++++ AVAILABLE DATA
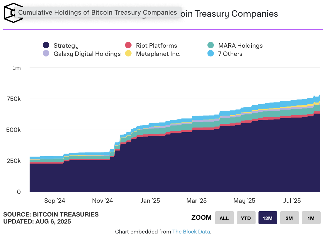 本周确认,MicroStrategy 在7月下旬至8月初期间共购入21,021枚BTC,总成本约24.6亿美元,使其总持仓达628,791枚BTC,位居全球企业榜首。
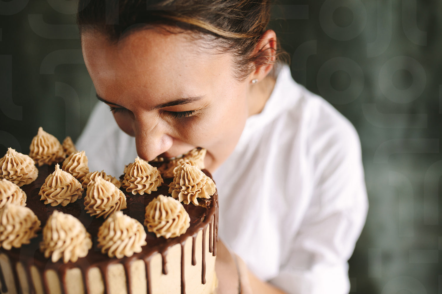 Female confectioner taking a big bite of a cake. Pastry chef eating whole cake.
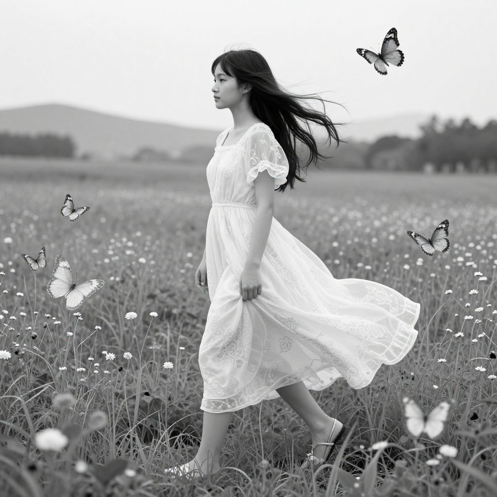 This enchanting black and white illustration features a young woman gracefully walking through a lush meadow, surrounded by delicate butterflies. The ethereal quality of her flowing dress, adorned with intricate patterns, contrasts beautifully with the understated landscape, creating a sense of whimsy and serenity.
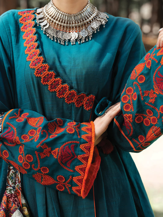 Prussian Blue Jacquard 3Pc Unstitched - ALP-736
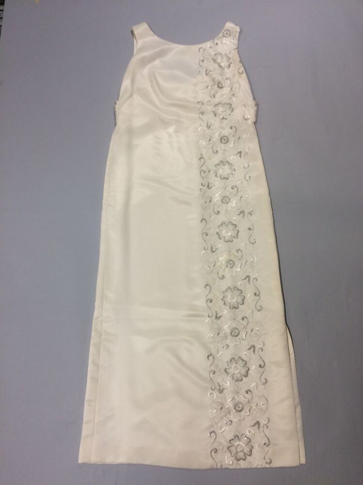 Lange avondjurk van gebroken wit satijn met borduursel in wit en zilver
++++++++
Pictures stay out. Print the data exactly, from its first line through the line containing "Female confectioner taking".

 本周确认,MicroStrategy 在7月下旬至8月初期间共购入21,021枚BTC,总成本约24.6亿美元,使其总持仓达628,791枚BTC,位居全球企业榜首。
 Female confectioner taking a big bite of a cake. Pastry chef eating whole cake.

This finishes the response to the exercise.